I’ve been following the band for over ten years, almost as long as they have been in existence. They had a good social media presence, you knew what they were working on, and where. Hutchinson wrote so eloquently and honestly about the human condition, flaws and all. He really put himself out there, to the point of a twitter meltdown a couple of years ago in which he asked us to not buy his records. The disease was speaking.

I saw them live in 2013 here, and the band delivered the goods as promised. It was a catharsis for both band and audience as we all got to yell scream and shout for a couple of hours.

The band came through town again in 2016, and tweeted that they were looking for a bar where they could watch the Leicester City soccer match. Several of us recommended a place.

The morning of the match I was there, along with other soccer fans, waiting for the game to statr. The band came in. I have to say there were very approachable, even when people wanted to give them their privacy, to let them watch the match in peace - they were very cool about it.

I got to talk to Scott briefly, to thank him for the good work he was doing. Handed over a couple of bottles of Irn-Bru, which they gratefully accepted. Grant cracked open a bottle right on the spot. They signed my CD, took some names for Monday’s guest list and that was it.

Did not get to go to the show, figured I’d catch them next time. You know how that goes.

See ‘em while you can, there may not be a next time.

Scott spoke openly about his condition, his depression and dark side and put them in his music.

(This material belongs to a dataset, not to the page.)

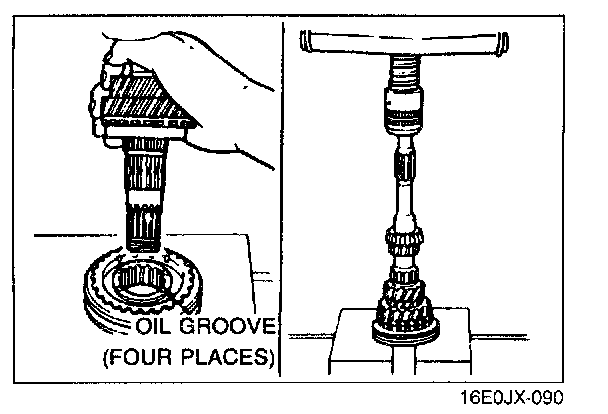 Install the 3rd gear, synchronizer ring (3rd), and clutch hub assembly (3rd/4th) by using a press.

Whatever he was listening to when he put out those two last, cryptic, tweets was lying to him so hard. The beast lies. Depression lies. As the band said today, he’s no longer in pain, may he have finally found some peace.

Saturday, May 5, 2018

The bridge I torched

So many seem to do everything to cling to their childhood. I think my problem (or one of) is that I wanted to distance myself as far away from it as possible.

Even after having a child, and the experience of autism, it's been so hard to reach and relate to it all.